E qual è il suo carattere e la sua carnagione? Lo inizia in tono di scusa; non può aprire il suo soggetto proprio finché non ha spiegato prima come arriva ad occupare una posizione così nuova come quella di predicatore alle genti: anche quando ha fatto ciò, sembra ancora di sentirsi su un terreno nuovo; né, nel presentare Cristo a questi Gentili, si estende mai oltre il punto di vista ebraico, esibendoLo, anche a loro, semplicemente come il grande Fardello della testimonianza profetica per i figli d'Israele, sebbene destinato a tutti.

È vero che Cornelio, in quanto devoto proselito della fede ebraica, doveva essere ben preparato per questo modo di predicare Cristo. Tuttavia, è impossibile non percepire, sia nell'oratore stesso che nel suo discorso, l'ebreo in tutto e per tutto. Ora, confronta questo con il modo in cui Paolo si rivolge sia ai barbari di Licaonia che ai Greci di Atene, e si vedrà subito che l'oratore si rivolge ai Gentili sulla base dei Gentili associazioni ebraiche e la fraseologia ebraica essendo studiata, ma in modo del tutto naturale e facile, evitato.

In breve, mentre è tanto a suo agio con i suoi connazionali come se tutte le sue idee fossero state esclusivamente ebraiche, è a un pubblico gentile come un gentile, nel punto di vista da cui presenta il Vangelo, come se fosse stato un convertito Pagano.

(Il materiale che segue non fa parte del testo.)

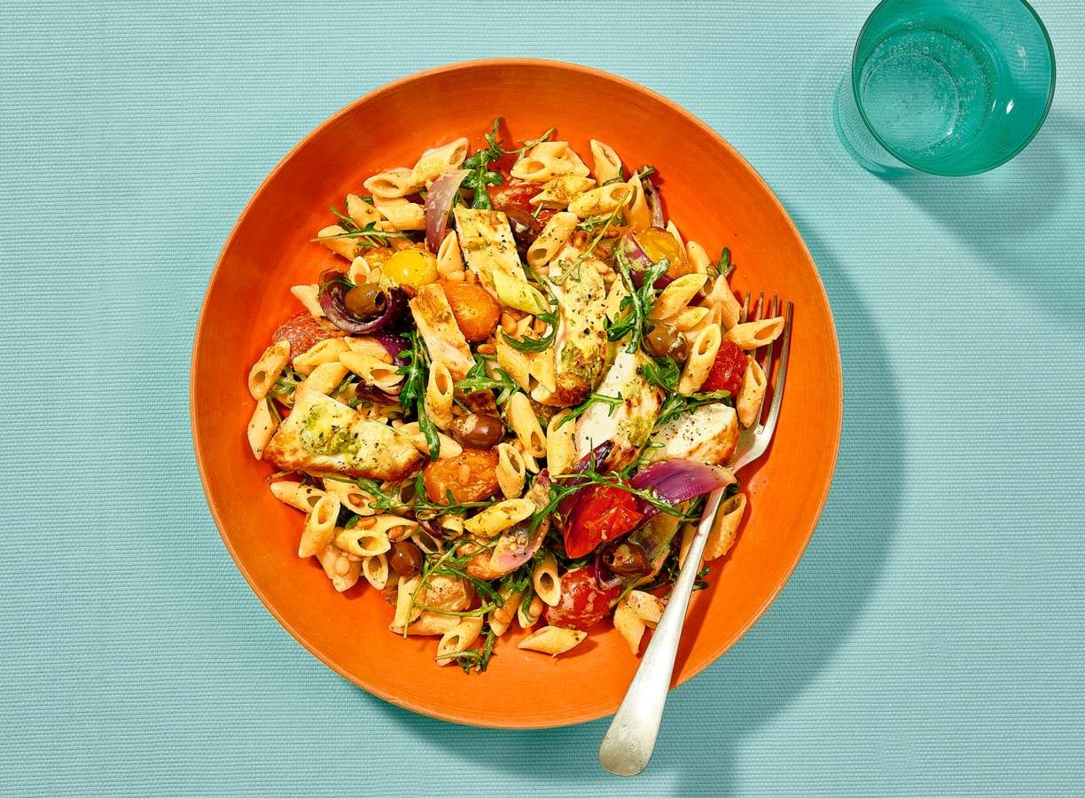 Laat ondertussen de olijven uitlekken en snijd de rucola grof. Snijd de kip in reepjes en meng met de geroosterde tomaten, olijven en rucola door de saus. Breng op smaak met peper en eventueel zout. Garneer met de pijnboompitten.

Questa flessibilità d'animo nel trattare con gli uomini, questo potere di presentare le verità più grandi in forme adatte a tutte le classi, costituisce una caratteristica principale della sua superiorità su tutti gli altri apostoli; una caratteristica che, come uno consapevole di possederlo e deciso a trarne il miglior conto per il Vangelo, ha lui stesso descritto nel linguaggio il più impressionante: "Agli ebrei mi sono fatto come un ebreo, per guadagnare i ebrei ; a quelli che sono sotto la legge, come sotto la legge, per guadagnare quelli che sono sotto la legge; a quelli che sono senza legge, come senza legge, (non essendo senza legge a Dio,

Ai deboli mi sono fatto come debole, per guadagnare i deboli: mi sono fatto ogni cosa a tutti, per salvare con ogni mezzo alcuni» ( 1 Corinzi 9:20 ).